Ese día quería olvidarme de la foto de un periódico que acababa de ver, los ojos vidriosos de un Sadam Husein enfrentándose a la muerte entre encapuchados verdugos. Unos ojos que me acongojaron, que me hicieron pensar en la excelente civilización que disfrutamos donde se abolió la pena de muerte, y que me hicieron recordar que en ese mismo día, hace ya muchos años, a mí, en vez de mandarme al paredón, me permitieron vivir; ese mismo día, un 30 de diciembre. Por eso no entiendo la pena de muerte, haya hecho lo que haya hecho el reo. Por eso mando a paseo al que me diga que hay que contextualizar en cada cultura lo que ésta significa. Que se vayan a hacer gárgaras los culturalistas biempensantes que consienten la pena de muerte en aquellos países donde dicen que forma parte de su idiosincrasia, o los neoconservadores o reaccionarios que la invocan como un atributo fundamental del Estado. Fuera bromas: la nuestra sí que es cultura, sí que es civilización, porque no permite que se ejecute a nadie. No han arreglado nada ajusticiando a Sadam, sólo volver a engrosar la espiral de violencia que padece Irak.

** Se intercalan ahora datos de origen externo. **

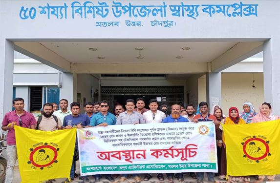 ৬ দফা দাবিতে মতলব উত্তরে স্বাস্থ্য সহকারীদের অবস্থান কর্মসূচি পালিত
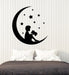 Autocollant mural en vinyle représentant un garçon lisant sur un croissant de lune, autocollants pour livres de contes de fées (3480ig)
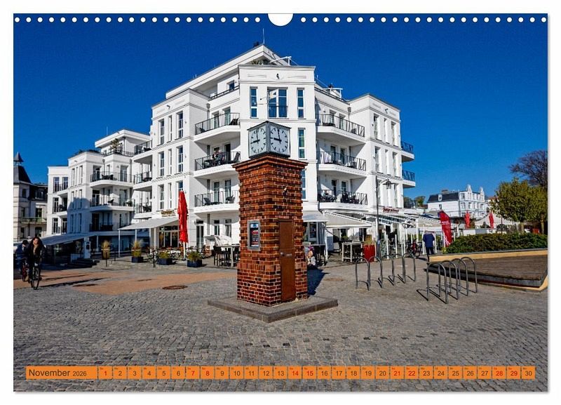 November: Blick auf moderne Baukunst an der Strandpromenade mit dem Bansiner Uhrturm
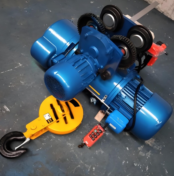 • 安全與輔助部件:配備上下行程保護(hù)斷火限位器,緊急情況下可切斷主電路,防止重物沖頂或墜底;下吊鉤為高強(qiáng)度鍛造件,可 360 度旋轉(zhuǎn),還配有防脫落安全舌片。此外還有聯(lián)軸器、軟纜電流引入器等部件,保障設(shè)備整體穩(wěn)定運(yùn)行。

Me fui al parque de los patos porque ya habían dado la noticia del atentado en el aeropuerto de Madrid, en un lugar muy sensible para causar terror. Me fui para no recordar las veces que lo advertí, y me entretuve viendo pasear a los padres con los niños con los juguetes recién traídos por el Olentzero, y luego me fui a la zona comercial a contagiarme de la nula preocupación de la gente, enfrascada en comprar y comprar regalos. Felices consumistas ajenos a la tragedia de la T-4 de Barajas, donde los comentaristas de la noticia, cautos ellos, iban cambiando el término «artefacto» -casi parece algo artístico- por coche bomba, para acabar hablando de una furgoneta. Tengo que agradecerles su mesurada descripción del atentado; sólo al día siguiente, cuando la pantalla de la televisión dio las imágenes, pude darme cuenta de la enormidad del atentado. No era un mero artefacto simbólico, que es lo que creí durante bastantes horas: iban a cargarse todo el edificio.

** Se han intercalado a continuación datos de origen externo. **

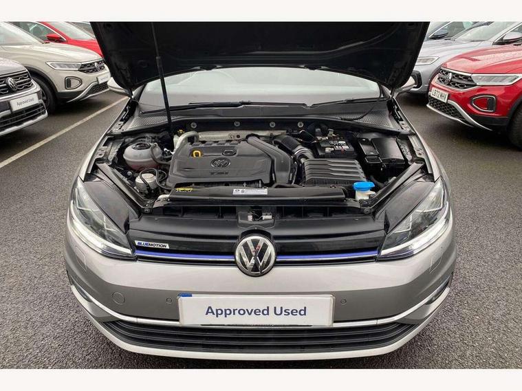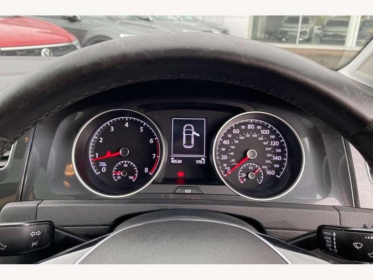 'Lights On' Reminder warning buzzer, 8" colour touch screen, ACC - Adaptive cruise control with front assist, forward collision warning, distance monitoring, city emergency brake and speed limiter, App-Connect, Bluetooth telephone and audio connection for compatible devices, Brake pad wear indicator warning light, Drive mode selector, Driver alert system, Driver profile selection, Front assist, radar sensor controlled distance monitor, city emergency braking + predictive pedestrian protection, Front assistant collision mitigation, Instrument cluster in white, Multifunction computer with visual gear change recommendation for fuel consumption, Power assisted speed sensitive electro-mechanical steering, Speedo, rev counter, electronic odometer, trip, service interval display, exterior temperature and fuel gauge, Stop/start system, Ultrasonic front and rear optical and audible parking sensors, Warning buzzer and light for front seatbelts unfastened, Battery regeneration during braking, XDS electronic differential lock, 8 Speakers, Composition media system, DAB Digital radio receiver, MP3/WMA compatability, SMS Functionality, USB and SD card connectivity, Aerodynamic black radiator grille with chrome trimmed insert, Automatic coming/leaving home lighting function, Automatic dimming rear view mirror/rain sensor, Black rear diffuser, Body colour bumpers, Body colour door handles, Body colour door mirrors with integrated indicators, Electric front windows, Electric rear windows, Electrically adjustable and heated door mirrors, Glavanised body, Heated rear windscreen, High level 3rd brake light incorporating LED Technology, Range adjustable headlights via infotainment system with LED daytime running lights, Rear number plate lights incorporating LED technology, Rear window aerial, Rear window wash/wipe with intermittent wipe, Reflectors in all doors, Remote electrically foldable door mirrors, door mirror puddle lights and reverse activated kerb-view adjustment on passengers door mirror, Tailgate with integrated rear roof spoiler, Windscreen wipers/ intermittent wipe + 4 position delay, 12V socket in luggage compartment, 3 rear headrests, 4 load lashing points in luggage compartment, 60/40 split folding rear seat backrest, Bag hook in luggage compartment x 2, Cooled glovebox, Dust/pollen filter, Front and rear reading lights incorporating LED technology, Front centre armrest with storage compartment and two rear air vents, Front seat back storage pockets, Grab handles front x 2, rear x 2 with integrated coat hooks, Height and reach adjustable steering wheel, Illuminated vanity mirrors, Instrument lighting white adjustable panel illumination, Interior light delay, Isofix preparation for 2 rear child seats, Load through provision with rear centre armrest and cupholders x2, Luggage compartment light, Multifunction leather steering wheel with leather trimmed gear knob, Overhead storage box, Pearl grey headlining, Storage box in luggage compartment, Storage compartment in roof console with cover, Storage compartments in front doors, Storage compartments in rear doors, Stowable luggage compartment cover, Sun visors, Three spoke multi-function leather trimmed steering wheel and gearknob, Variable boot floor, height adjustable and removable, Mirror pack - Golf, 3 rear three point seatbelts, Airbags - Driver's and front passenger's, curtain airbag, Driver's knee, front side impact and passenger's airbag deactivation switch, Anti-lock Braking System (ABS) with Hydraulic Brake Assist (HBA), Automatic post collision braking system, Child locks on rear doors, Driver/Passenger optimised head restraints, Electronic parking brake with auto hold, Electronic stability control (ESC) including Electronic differential lock (EDL) and ASR (Traction control) with deactivation via infotainment system, Pre crash preventive occupant protection, Three point height adjustable front seatbelts with tensioners, Tyre pressure loss indicator, Alarm with interior protection, Electronic engine immobiliser, Remote central locking with 2 remote folding keys, Brushed dark silver decorative inserts in dash and door panels, Chrome plated air vent surround, Chrome-plated light switch surround, Polar night black centre console, Steel space saver spare wheel,

Ya me parecía que las cosas venían mal, pero lo menos que podíamos esperar es que lo dejaran para el año que viene y nos permitieran entrar bien en éste. Ni por esas. Al primero que le estropearon el fin de año fue a Zapatero, a la vez que a sus profecías sobre un futuro mejor que acababa de hacer el día anterior. Pero los que de verdad, de verdad, han sufrido este final de año son dos familias ecuatorianas a las que, quién se lo iba a decir, han padecido la desaparición de seres queridos aquí, en un país occidental, sin guerrillas ni paramilitares, ni narcos, con bienestar y seguridad. Quién se lo iba a decir. Máxime cuando el único problema que quedaba -a excepción del terrorismo islamista- estaba en vía de solución, pues hacía más de tres años que no mataban. ¿De qué les va a servir tanta charlatanería a estas familias?

No me podía creer que RNE interrumpiese el programa de la tarde para conectar con urgencia con el Hotel Hesperia de San Sebastián para recoger en directo la rueda de prensa de Arnaldo Otegi. Dios mío, qué importante, cuánto honor el que concede esta radio pública. Sólo le faltó aquella voz grave que anunciaba antes de los sones del himno: «Atención, habla Su Excelencia el Jefe del Estado». Y a fe mía que, como el medio es el mensaje, Arnaldo habló como tal, exigiendo, con la amenaza del terror ejercida pocas horas antes, la responsabilidad necesaria para seguir con el proceso. El representante de un partido ilegal, probablemente en un acto ilegal, tiene a su servicio, en conexión directa, a la radio pública del país para que realice su valoración política.

El día de la indignidad acabó con una concentración de una cincuentena de amigos convocados por mensajes en el móvil por el más voluntarioso de todos ellos en la plaza Moyúa de Bilbao. Estuvimos allí no sé para qué; nadie se enteró. Un ilustre periodista madrileño me sacó de dudas: «Ahora nos encontramos; más adelante ya nos manifestaremos». Era cierto que necesitábamos encontrarnos para mitigar nuestra orfandad frente al terror. Así acabó el día de la indignidad, yéndose cada uno a su casa pensando en el final tragicómico de la película Alatriste: «El tercio no se rinde». Para qué se iban a rendir si ya estaban muertos y vendidos. Y la gente se cruzaba llevando sus paquetes de compras en la mano.